Category: Uncategorized

  • The Physics That Would Have to Be Rewritten for Attobahn to Work

    Some technology pitches don’t just promise better performance — they quietly require the laws of physics themselves to change.

    Based on the claims being made (multi-gigabit wireless everywhere, fiber-free backbones outperforming fiber, bypassing TCP/IP routing, radically lower latency than physical infrastructure, etc.), here’s what would actually have to happen in the real world for those promises to be true.


    1. You Can’t Transmit Information Faster Than Light

    All electromagnetic signals — radio, microwave, millimeter wave, fiber optic light — are limited by the speed of light.

    • In fiber: ~200,000 km/s
    • In air/vacuum: ~300,000 km/s

    If a system claims to deliver data faster than fiber over long distances without a shorter physical path, that implies exceeding or circumventing relativity.

    That’s not an engineering hurdle.
    That’s Einstein being wrong.


    2. Spectrum Is Finite — Bandwidth Requires Physics, Not Branding

    Wireless capacity depends on:

    Shannon–Hartley Theorem:

    Channel Capacity = Bandwidth × log₂(1 + SNR)

    To dramatically exceed existing 5G / microwave / mmWave capacity without new spectrum or extreme power levels, you would need:

    • Vast unused spectrum (it doesn’t exist)
    • Infinite signal-to-noise ratio (not physically possible)
    • Or violation of Shannon limits

    Marketing terms do not increase channel capacity. Physics does.


    3. “Fiberless Fiber” Would Require Magic-Level SNR

    Fiber works because it:

    • Has extremely low attenuation
    • Is shielded from interference
    • Provides controlled propagation
    • Supports massive bandwidth with minimal noise

    Wireless does not.

    To match fiber capacity over distance without:

    • Massive power
    • Massive antennas
    • Massive spectrum

    You would need near-perfect noise immunity in open air.

    That contradicts thermodynamics and electromagnetic reality.


    4. Bypassing TCP/IP Doesn’t Bypass Physics

    Claims about avoiding traditional routing stacks or packet structures sound revolutionary — but:

    • TCP/IP is software.
    • Latency from distance is physics.
    • Switching delays are nanoseconds.
    • Propagation delay is milliseconds.

    You can optimize protocol overhead.

    You cannot eliminate:

    • Speed-of-light limits
    • Queueing delay
    • Network congestion
    • Physical path length

    Changing the protocol does not change Maxwell’s equations.


    5. Massive Wireless Throughput Without Massive Infrastructure?

    High throughput wireless systems require:

    • Dense antenna arrays
    • Short distances
    • Line of sight
    • Enormous backhaul capacity
    • Coordinated spectrum allocation

    If a system claims nationwide multi-gigabit per user without:

    • Fiber backbone
    • Massive tower density
    • Licensed spectrum blocks
    • Satellite constellation scale

    Then you must assume one of two things:

    1. The claim is incomplete.
    2. The claim assumes nonexistent physics.
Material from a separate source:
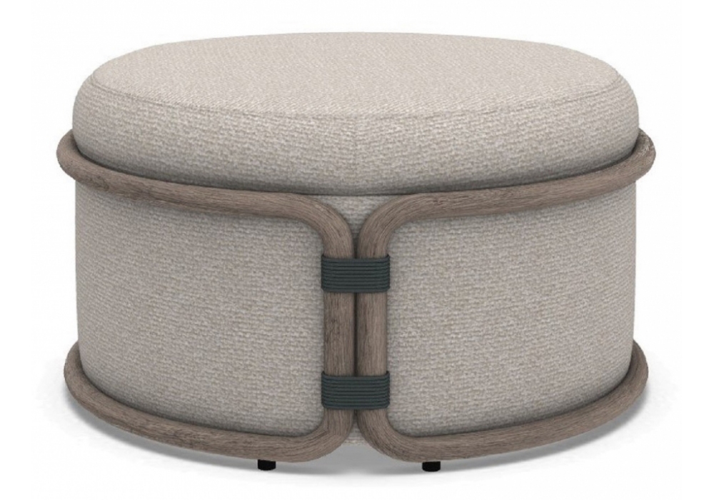 Rotin von Zanellato/Bortotto für Ethimo entworfen, ist ein runder Hocker mit Gestell aus gebeiztem Teakholz und Stoffbezug, verfügbar in verschiedenen Ausführungen.

    6. Energy Requirements Cannot Be Ignored

    Information transmission requires energy.

    The more data you push through noise, the more power you must use or the more bandwidth you must allocate.

    If a system claims:

    • Higher speeds
    • Lower power
    • No interference
    • No spectrum constraints

    Then it is implicitly violating energy-density limits.

    That crosses into perpetual-motion territory.


    7. Thousands of “Revolutionary” Systems Have Claimed Similar Things

    History is full of technologies that:

    • Claimed to bypass thermodynamics
    • Claimed free energy
    • Claimed signal amplification without power
    • Claimed infinite bandwidth

    They all collapse at one point:

    Physics is not optional.

    Patents are not proof of feasibility.
    Language is not proof of implementation.
    Investor updates are not lab validation.


    8. What Would Actually Be Required?

    For these claims to be real, we would need:

    • New electromagnetic theory
    • A violation of Shannon capacity limits
    • A method to transmit information immune to noise
    • A way to exceed or shortcut light-speed latency
    • Energy efficiency beyond thermodynamic bounds

    That’s Nobel Prize territory — not incremental telecom innovation.


    The Bottom Line

    Incremental improvement is believable.
    Optimization is believable.
    Better antennas are believable.

    Rewriting Maxwell, Shannon, Einstein, and thermodynamics at the same time?

    That requires extraordinary proof.

    And extraordinary proof does not come in the form of branding language, shareholder optimism, or conceptual diagrams.

    It comes in peer-reviewed physics, repeatable lab validation, spectrum licensing filings, and independent third-party verification.

    Until then, the laws of physics remain undefeated.